TO DO
Using the records that appear below, write out exactly the lines from the one with "3、LED大屏顯示系統(tǒ" through the one with "WHITE LONG SLEEVE BLACK/BLUE 100% COTTON", keeping both end lines.

SUPPLIED MATERIAL
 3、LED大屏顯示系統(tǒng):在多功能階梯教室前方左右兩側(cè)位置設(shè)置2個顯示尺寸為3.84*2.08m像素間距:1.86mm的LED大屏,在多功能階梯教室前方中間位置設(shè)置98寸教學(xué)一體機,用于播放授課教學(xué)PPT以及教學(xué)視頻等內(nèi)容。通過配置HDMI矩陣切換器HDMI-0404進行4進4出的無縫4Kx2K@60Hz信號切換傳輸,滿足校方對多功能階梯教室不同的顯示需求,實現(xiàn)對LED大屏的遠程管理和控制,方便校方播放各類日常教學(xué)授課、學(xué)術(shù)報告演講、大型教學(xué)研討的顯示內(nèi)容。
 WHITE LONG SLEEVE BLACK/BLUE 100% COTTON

==

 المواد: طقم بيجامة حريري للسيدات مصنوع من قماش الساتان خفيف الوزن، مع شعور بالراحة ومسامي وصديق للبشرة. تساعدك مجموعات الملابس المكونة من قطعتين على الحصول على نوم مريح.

OUTPUT OF THE TASK
 3、LED大屏顯示系統(tǒng):在多功能階梯教室前方左右兩側(cè)位置設(shè)置2個顯示尺寸為3.84*2.08m像素間距:1.86mm的LED大屏,在多功能階梯教室前方中間位置設(shè)置98寸教學(xué)一體機,用于播放授課教學(xué)PPT以及教學(xué)視頻等內(nèi)容。通過配置HDMI矩陣切換器HDMI-0404進行4進4出的無縫4Kx2K@60Hz信號切換傳輸,滿足校方對多功能階梯教室不同的顯示需求,實現(xiàn)對LED大屏的遠程管理和控制,方便校方播放各類日常教學(xué)授課、學(xué)術(shù)報告演講、大型教學(xué)研討的顯示內(nèi)容。
 WHITE LONG SLEEVE BLACK/BLUE 100% COTTON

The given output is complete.